Blandaren is the world's oldest humor magazine, founded in 1863 by students at KTH Royal Institute of Technology in Stockholm. The aesthetics of Blandaren has been described as having dadaistic, absurdist, satirical and surrealist qualities.

== History ==
Throughout its long history spanning over a century, Blandaren has undergone significant transformations. Initially, it published two annual issues: Vårblandaren and Gåsblandaren. The latter being released around St. Martin's Day. In its contemporary form, releases an annual issue in December. In 2016, Blandaren released a historical work to commemorate the 153-year-long history. Blandaren has also released several similar historical editions to celebrate the 80-, 100- and 126-year-long history.

=== Editors ===
Throughout its history, Blandaren has had a diverse array of editors, including individuals like Bengt Lindroos (architect), Pontus Hutlén (art collector and museum director), Gunnar Asplund (architect), Ferdinand Boberg (architect), and Maja Säfström (illustrator).

==== Relationship to the Student union ====
Blandaren was still a part of the Student Union at the Royal Institute of Technology towards the end of the 1960s. Blandaren accounted for a large share of the student unions income, and had their facilities at the KTH campus. Due to the spirit of 1968, Blandaren came to be viewed as socially unacceptable. Blandaren subsequently left the student union and is since 1969 a voluntary association.

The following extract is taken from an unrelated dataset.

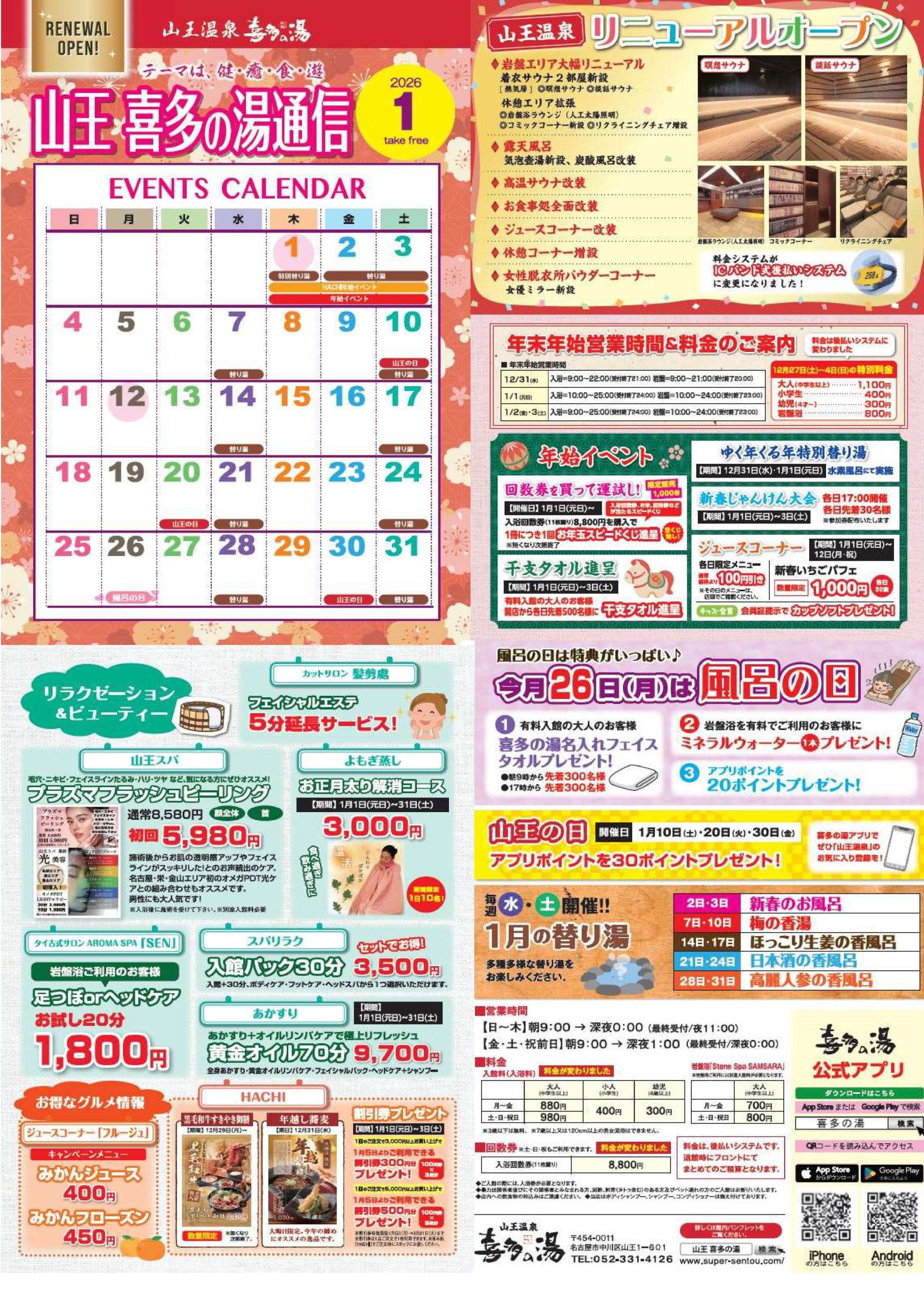他の喜多の湯の回数券をお持ちのお客様が、山王温泉 喜多の湯をご利用される場合は、「回数券 + 追加料金」を頂戴いたします。ご了承下さいませ。

==== Historical trivia ====
During the late 50s Jean Tinguely stayed in Blandarens facilities during the recording of the avant-garde movie En dag i staden (English: A Day in the City).

== Characteristics ==
Blandaren stands out in the magazine world due to its unusually large size. It is sold by teknologer most commonly in central Stockholm during December. The teknologer have a rather unusual approach to selling Blandaren, they don boilersuits adorned with bells and whistles and simply shout 'Blandaren! to capture the attention of presumptive readers."

== Blandaren stipend fund dedicated to the bad memory of Edward Sminks ==
Blandaren operates a stipend fund dedicated to Edward Sminks bad memory. Although there are no strict application criteria, there exists a list of twelve demands that recipients should ideally meet. The final application date is the first of March every year. Over the years, recipients of Blandarens stipend fund dedicated to the bad memory of Edward Sminks" have received support for a diverse range of creative endeavors.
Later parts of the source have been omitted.